__Records to process__.
****

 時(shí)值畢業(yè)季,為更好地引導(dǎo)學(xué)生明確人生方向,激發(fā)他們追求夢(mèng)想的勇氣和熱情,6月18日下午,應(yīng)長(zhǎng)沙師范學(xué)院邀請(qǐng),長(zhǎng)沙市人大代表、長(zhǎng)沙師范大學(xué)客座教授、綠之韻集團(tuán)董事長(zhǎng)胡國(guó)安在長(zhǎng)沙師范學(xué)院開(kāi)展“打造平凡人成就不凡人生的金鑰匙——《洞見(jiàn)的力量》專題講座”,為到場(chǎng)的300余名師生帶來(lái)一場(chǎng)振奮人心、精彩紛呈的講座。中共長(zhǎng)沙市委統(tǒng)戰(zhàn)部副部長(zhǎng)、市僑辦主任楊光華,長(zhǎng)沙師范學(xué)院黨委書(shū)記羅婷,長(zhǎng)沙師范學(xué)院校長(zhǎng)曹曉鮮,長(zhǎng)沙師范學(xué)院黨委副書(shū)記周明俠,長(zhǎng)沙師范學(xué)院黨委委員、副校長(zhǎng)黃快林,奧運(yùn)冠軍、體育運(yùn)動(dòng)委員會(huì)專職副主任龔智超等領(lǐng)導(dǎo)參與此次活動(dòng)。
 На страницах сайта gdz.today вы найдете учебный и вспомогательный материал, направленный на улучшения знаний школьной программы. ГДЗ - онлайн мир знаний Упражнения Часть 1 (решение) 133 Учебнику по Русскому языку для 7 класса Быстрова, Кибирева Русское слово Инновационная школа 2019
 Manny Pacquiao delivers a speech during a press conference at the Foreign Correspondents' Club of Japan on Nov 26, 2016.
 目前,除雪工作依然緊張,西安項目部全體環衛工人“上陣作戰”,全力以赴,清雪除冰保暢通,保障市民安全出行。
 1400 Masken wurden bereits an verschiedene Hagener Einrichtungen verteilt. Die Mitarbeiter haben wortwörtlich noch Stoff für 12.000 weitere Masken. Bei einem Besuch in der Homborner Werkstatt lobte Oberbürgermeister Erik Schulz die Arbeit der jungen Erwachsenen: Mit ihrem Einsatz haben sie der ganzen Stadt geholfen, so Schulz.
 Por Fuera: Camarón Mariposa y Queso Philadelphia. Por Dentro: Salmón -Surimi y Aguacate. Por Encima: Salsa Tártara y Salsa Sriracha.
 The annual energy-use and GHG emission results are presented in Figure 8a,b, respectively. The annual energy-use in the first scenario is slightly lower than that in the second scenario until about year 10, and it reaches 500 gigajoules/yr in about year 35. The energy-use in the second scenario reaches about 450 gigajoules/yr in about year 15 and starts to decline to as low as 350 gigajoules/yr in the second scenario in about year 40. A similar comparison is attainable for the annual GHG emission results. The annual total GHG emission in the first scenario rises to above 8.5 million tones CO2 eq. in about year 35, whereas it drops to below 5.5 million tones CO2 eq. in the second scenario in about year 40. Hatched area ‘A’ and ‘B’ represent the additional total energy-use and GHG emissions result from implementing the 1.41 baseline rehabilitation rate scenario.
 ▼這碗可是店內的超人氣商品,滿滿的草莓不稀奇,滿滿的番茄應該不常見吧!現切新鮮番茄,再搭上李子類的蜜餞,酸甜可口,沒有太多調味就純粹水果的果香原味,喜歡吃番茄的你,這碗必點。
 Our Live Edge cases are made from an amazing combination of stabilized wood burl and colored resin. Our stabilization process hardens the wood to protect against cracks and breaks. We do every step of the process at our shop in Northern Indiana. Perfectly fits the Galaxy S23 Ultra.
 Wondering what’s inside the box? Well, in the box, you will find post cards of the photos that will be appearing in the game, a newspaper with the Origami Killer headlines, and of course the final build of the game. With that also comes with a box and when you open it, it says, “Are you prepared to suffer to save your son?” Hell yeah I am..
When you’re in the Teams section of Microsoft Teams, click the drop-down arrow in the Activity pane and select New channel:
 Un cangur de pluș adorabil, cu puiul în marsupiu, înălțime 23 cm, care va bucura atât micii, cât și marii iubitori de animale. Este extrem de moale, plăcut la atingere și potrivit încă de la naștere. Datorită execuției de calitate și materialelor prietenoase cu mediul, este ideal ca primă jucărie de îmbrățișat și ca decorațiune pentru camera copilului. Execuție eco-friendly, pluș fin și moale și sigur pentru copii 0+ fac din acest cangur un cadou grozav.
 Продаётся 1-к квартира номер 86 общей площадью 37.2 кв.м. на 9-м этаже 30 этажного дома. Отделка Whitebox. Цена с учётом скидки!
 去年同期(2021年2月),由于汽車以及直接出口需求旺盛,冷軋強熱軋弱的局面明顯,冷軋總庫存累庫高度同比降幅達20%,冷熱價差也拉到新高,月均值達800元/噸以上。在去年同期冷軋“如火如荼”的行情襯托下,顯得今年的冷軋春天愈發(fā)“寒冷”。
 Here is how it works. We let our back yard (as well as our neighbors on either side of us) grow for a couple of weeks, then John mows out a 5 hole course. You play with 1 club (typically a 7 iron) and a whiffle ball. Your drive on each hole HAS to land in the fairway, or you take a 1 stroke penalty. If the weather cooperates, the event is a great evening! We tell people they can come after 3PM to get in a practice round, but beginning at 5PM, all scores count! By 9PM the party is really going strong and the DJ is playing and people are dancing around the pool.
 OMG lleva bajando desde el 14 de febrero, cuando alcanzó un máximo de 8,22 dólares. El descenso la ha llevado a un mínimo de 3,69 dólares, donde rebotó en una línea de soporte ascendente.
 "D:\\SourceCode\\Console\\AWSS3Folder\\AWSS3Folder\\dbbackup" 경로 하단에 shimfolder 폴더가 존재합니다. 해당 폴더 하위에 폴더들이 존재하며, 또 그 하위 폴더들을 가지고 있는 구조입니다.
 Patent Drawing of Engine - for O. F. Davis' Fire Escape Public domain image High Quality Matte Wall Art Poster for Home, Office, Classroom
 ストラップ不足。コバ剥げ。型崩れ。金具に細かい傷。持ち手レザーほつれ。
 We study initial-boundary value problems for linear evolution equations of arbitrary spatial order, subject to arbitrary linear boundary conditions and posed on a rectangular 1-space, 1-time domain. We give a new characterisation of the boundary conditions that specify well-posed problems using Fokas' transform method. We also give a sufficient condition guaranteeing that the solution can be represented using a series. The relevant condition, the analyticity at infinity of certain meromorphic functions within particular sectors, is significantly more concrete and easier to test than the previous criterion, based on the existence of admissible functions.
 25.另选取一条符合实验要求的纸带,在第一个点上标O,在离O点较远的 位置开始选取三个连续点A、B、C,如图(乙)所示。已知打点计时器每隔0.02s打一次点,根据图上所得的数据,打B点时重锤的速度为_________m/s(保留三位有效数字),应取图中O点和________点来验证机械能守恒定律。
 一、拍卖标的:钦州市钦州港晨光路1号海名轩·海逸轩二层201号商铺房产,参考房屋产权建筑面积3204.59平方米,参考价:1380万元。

****

Restate verbatim the first line above and all lines after it through the line containing "На страницах сайта"; omit the rest.

 時(shí)值畢業(yè)季,為更好地引導(dǎo)學(xué)生明確人生方向,激發(fā)他們追求夢(mèng)想的勇氣和熱情,6月18日下午,應(yīng)長(zhǎng)沙師范學(xué)院邀請(qǐng),長(zhǎng)沙市人大代表、長(zhǎng)沙師范大學(xué)客座教授、綠之韻集團(tuán)董事長(zhǎng)胡國(guó)安在長(zhǎng)沙師范學(xué)院開(kāi)展“打造平凡人成就不凡人生的金鑰匙——《洞見(jiàn)的力量》專題講座”,為到場(chǎng)的300余名師生帶來(lái)一場(chǎng)振奮人心、精彩紛呈的講座。中共長(zhǎng)沙市委統(tǒng)戰(zhàn)部副部長(zhǎng)、市僑辦主任楊光華,長(zhǎng)沙師范學(xué)院黨委書(shū)記羅婷,長(zhǎng)沙師范學(xué)院校長(zhǎng)曹曉鮮,長(zhǎng)沙師范學(xué)院黨委副書(shū)記周明俠,長(zhǎng)沙師范學(xué)院黨委委員、副校長(zhǎng)黃快林,奧運(yùn)冠軍、體育運(yùn)動(dòng)委員會(huì)專職副主任龔智超等領(lǐng)導(dǎo)參與此次活動(dòng)。
 На страницах сайта gdz.today вы найдете учебный и вспомогательный материал, направленный на улучшения знаний школьной программы. ГДЗ - онлайн мир знаний Упражнения Часть 1 (решение) 133 Учебнику по Русскому языку для 7 класса Быстрова, Кибирева Русское слово Инновационная школа 2019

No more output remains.